*WORK INSTRUCTIONS*: Omit the pictures, please, and give each record below again exactly.

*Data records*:
═══

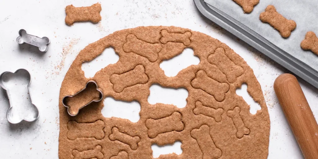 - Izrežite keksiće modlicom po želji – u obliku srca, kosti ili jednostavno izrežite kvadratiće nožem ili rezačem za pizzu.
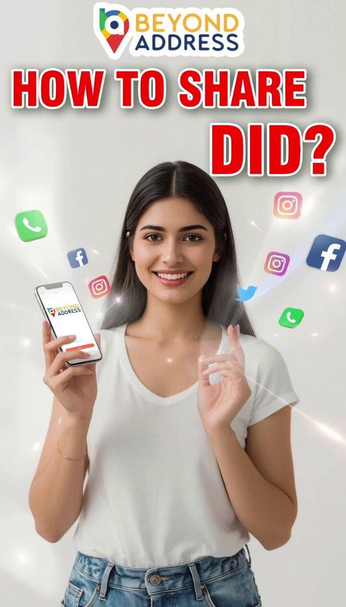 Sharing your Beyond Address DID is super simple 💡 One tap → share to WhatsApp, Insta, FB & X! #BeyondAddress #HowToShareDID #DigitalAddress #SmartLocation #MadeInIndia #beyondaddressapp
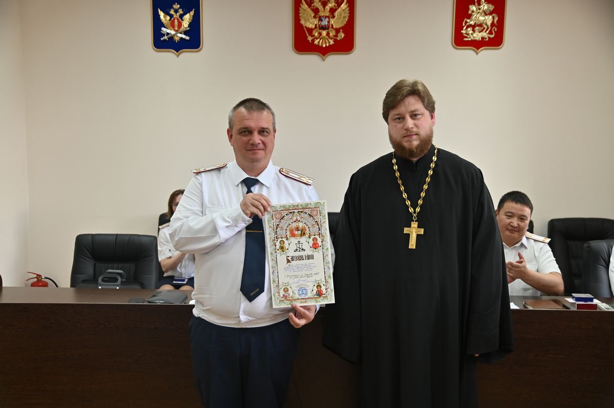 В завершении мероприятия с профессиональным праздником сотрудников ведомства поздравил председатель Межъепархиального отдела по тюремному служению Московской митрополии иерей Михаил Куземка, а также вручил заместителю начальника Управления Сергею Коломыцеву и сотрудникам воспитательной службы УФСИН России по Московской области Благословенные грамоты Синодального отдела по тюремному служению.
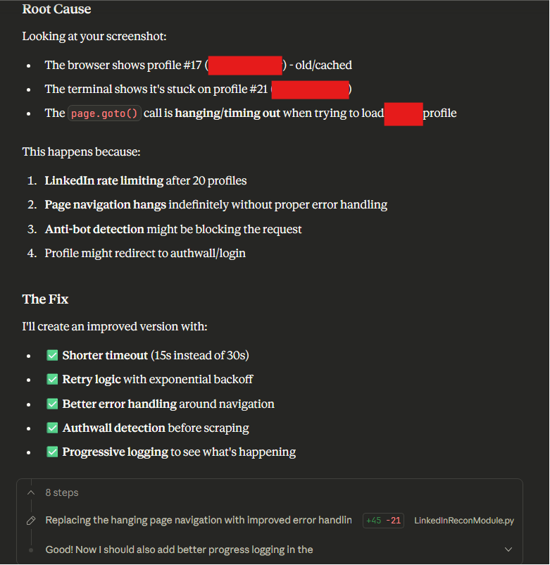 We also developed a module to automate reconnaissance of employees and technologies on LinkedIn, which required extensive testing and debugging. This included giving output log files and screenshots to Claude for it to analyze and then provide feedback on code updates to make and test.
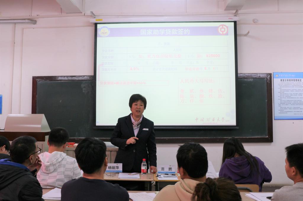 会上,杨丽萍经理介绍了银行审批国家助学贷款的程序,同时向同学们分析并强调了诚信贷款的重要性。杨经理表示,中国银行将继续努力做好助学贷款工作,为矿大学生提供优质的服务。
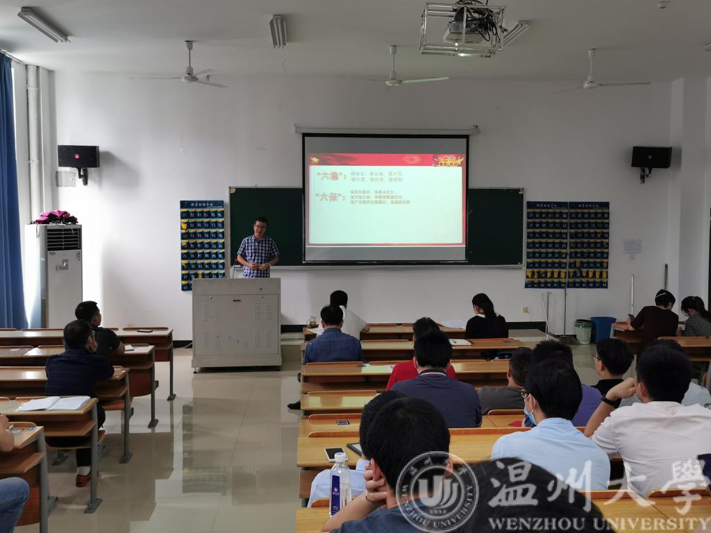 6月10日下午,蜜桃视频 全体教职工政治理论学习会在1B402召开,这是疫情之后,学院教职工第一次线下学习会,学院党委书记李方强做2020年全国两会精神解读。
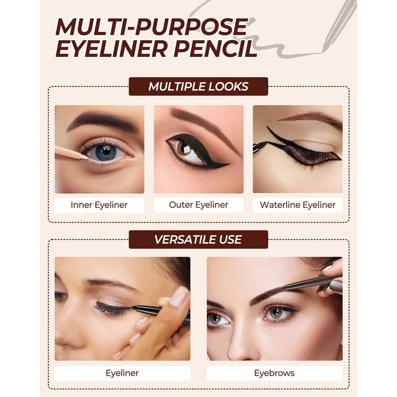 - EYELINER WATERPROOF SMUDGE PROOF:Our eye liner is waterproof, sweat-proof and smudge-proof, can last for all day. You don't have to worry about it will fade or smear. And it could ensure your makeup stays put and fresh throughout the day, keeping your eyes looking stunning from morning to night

═══

*ANSWER BELOW*:
 - Izrežite keksiće modlicom po želji – u obliku srca, kosti ili jednostavno izrežite kvadratiće nožem ili rezačem za pizzu.
 Sharing your Beyond Address DID is super simple 💡 One tap → share to WhatsApp, Insta, FB & X! #BeyondAddress #HowToShareDID #DigitalAddress #SmartLocation #MadeInIndia #beyondaddressapp
 В завершении мероприятия с профессиональным праздником сотрудников ведомства поздравил председатель Межъепархиального отдела по тюремному служению Московской митрополии иерей Михаил Куземка, а также вручил заместителю начальника Управления Сергею Коломыцеву и сотрудникам воспитательной службы УФСИН России по Московской области Благословенные грамоты Синодального отдела по тюремному служению.
 We also developed a module to automate reconnaissance of employees and technologies on LinkedIn, which required extensive testing and debugging. This included giving output log files and screenshots to Claude for it to analyze and then provide feedback on code updates to make and test.
 会上,杨丽萍经理介绍了银行审批国家助学贷款的程序,同时向同学们分析并强调了诚信贷款的重要性。杨经理表示,中国银行将继续努力做好助学贷款工作,为矿大学生提供优质的服务。
 6月10日下午,蜜桃视频 全体教职工政治理论学习会在1B402召开,这是疫情之后,学院教职工第一次线下学习会,学院党委书记李方强做2020年全国两会精神解读。
 - EYELINER WATERPROOF SMUDGE PROOF:Our eye liner is waterproof, sweat-proof and smudge-proof, can last for all day. You don't have to worry about it will fade or smear. And it could ensure your makeup stays put and fresh throughout the day, keeping your eyes looking stunning from morning to night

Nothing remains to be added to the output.